Mark Jerng joined the UC Davis Faculty in 2006. He currently serves as Chair of the Department of African American and African Studies. He also serves as Faculty Member for the Breadloaf School of English . He was Lead PI of the UC Davis Summer Program for Literary Analysis and Success in the Humanities (UCD SPLASH), a UC-HBCU partnership with Hampton University from 2015-2018. He served as Co-Director with Justin Leroy of the Mellon Initiative on Racial Capitalism from 2017-2021.
His research specializations include Asian American literature and transnationalism, critical race theory, science fiction and fantasy (especially by contemporary Asian American and African American authors), genre and narrative theory, and law and literature.

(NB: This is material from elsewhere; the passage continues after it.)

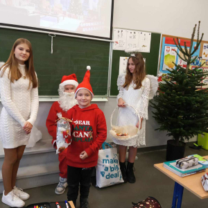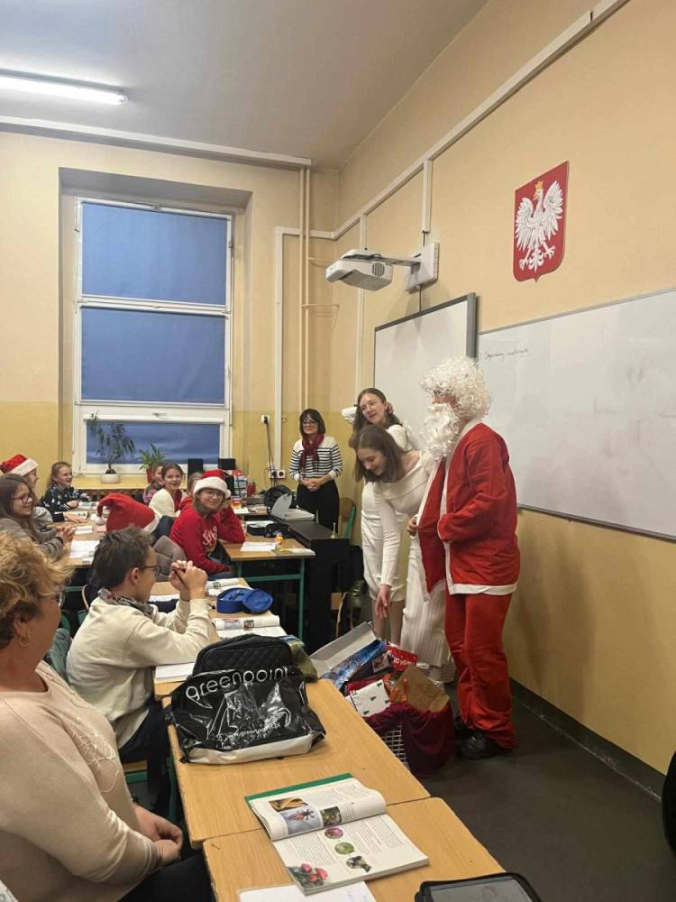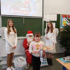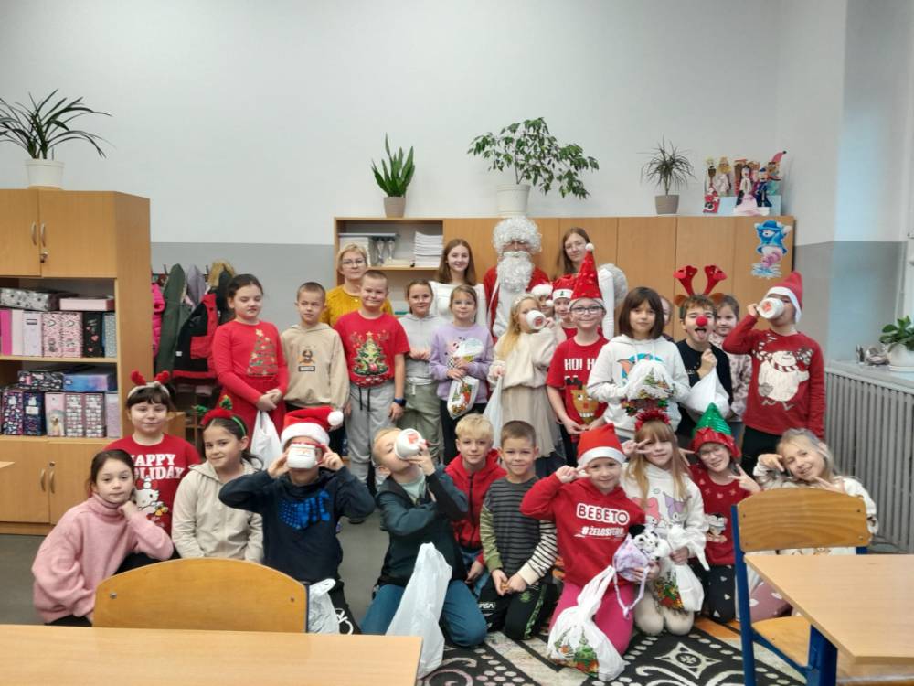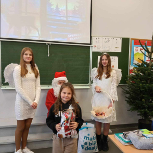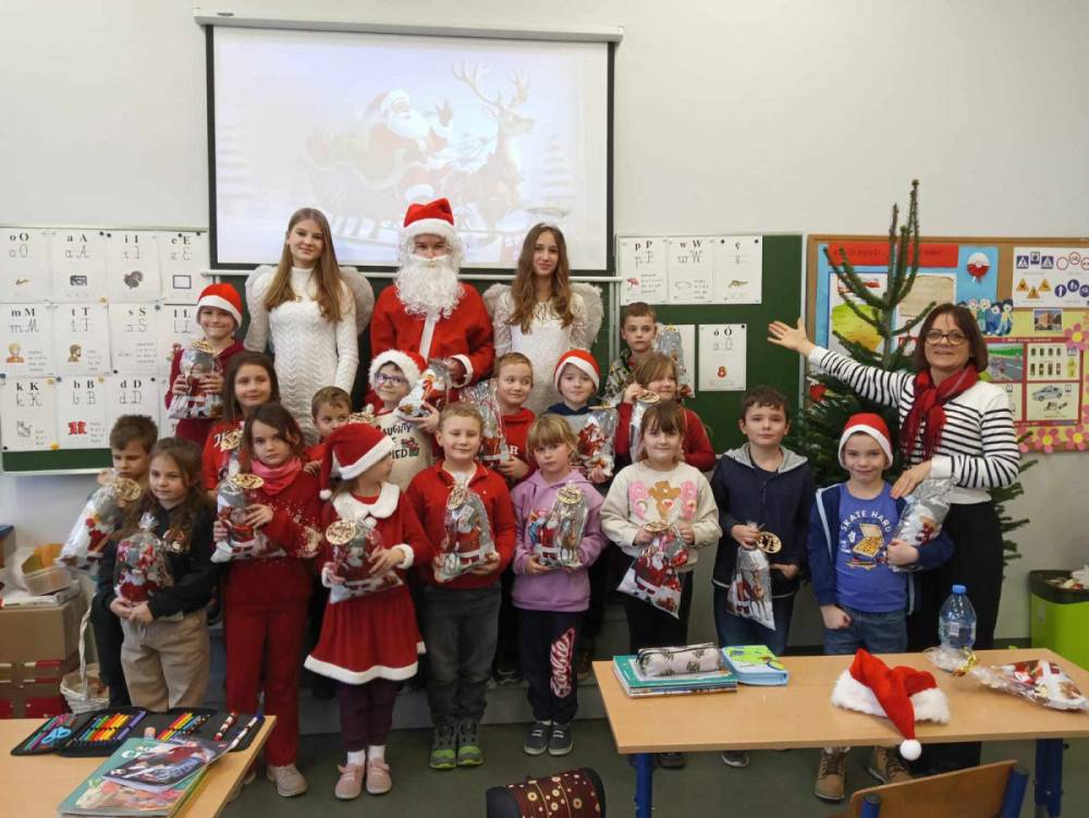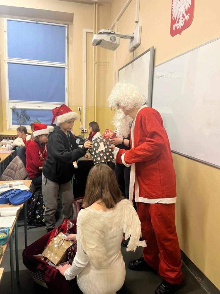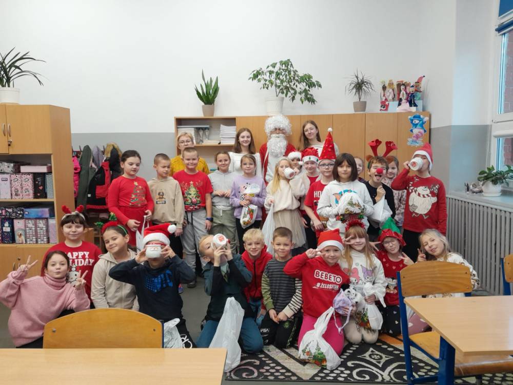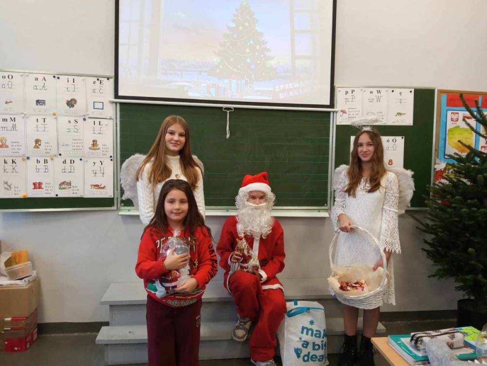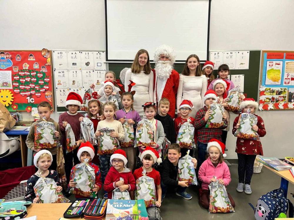 Szóstego grudnia, choć ani śladu białego puchu za oknem, to i tak zapanował zimowy, odświętny nastrój. Wszyscy w tym roku byli grzeczni, więc z niecierpliwością oczekiwano przybycia wyjątkowego Gościa - św. Mikołaja, który w towarzystwie Śnieżynek-Aniołków wręczał uczniom podarunki. Symbolicznych rózg ze sobą nie przywiózł, gdyż nie było takiej konieczności. Nie zabrakło za to wspólnych, pamiątkowych zdjęć oraz cukierków.

He is currently working on three projects: the work of W.E.B. Du Bois in relation to genre and theorizing sociality; reading superhero comics as a medium of cultural, racial and gendered consciousness and historicity; an analysis of cultural property and racial capitalism. He is the author most recently of Racial Worldmaking (2018). This project takes up particular popular genres - future war; plantation romance; sword and sorcery; alternate history - in order to analyze how genre formations inform our perceptual organizations of 'race' and 'world.' His first book, Claiming Others: Transracial Adoption and National Belonging (2010), focuses on the ways in which shifting norms of race and kinship shape and naturalize our conceptions of personhood. It examines the phenomenon of transracial adoption from the 1820s to the present across Native American, African American, and Asian American contexts in fiction, memoir, legal history, and social work literature.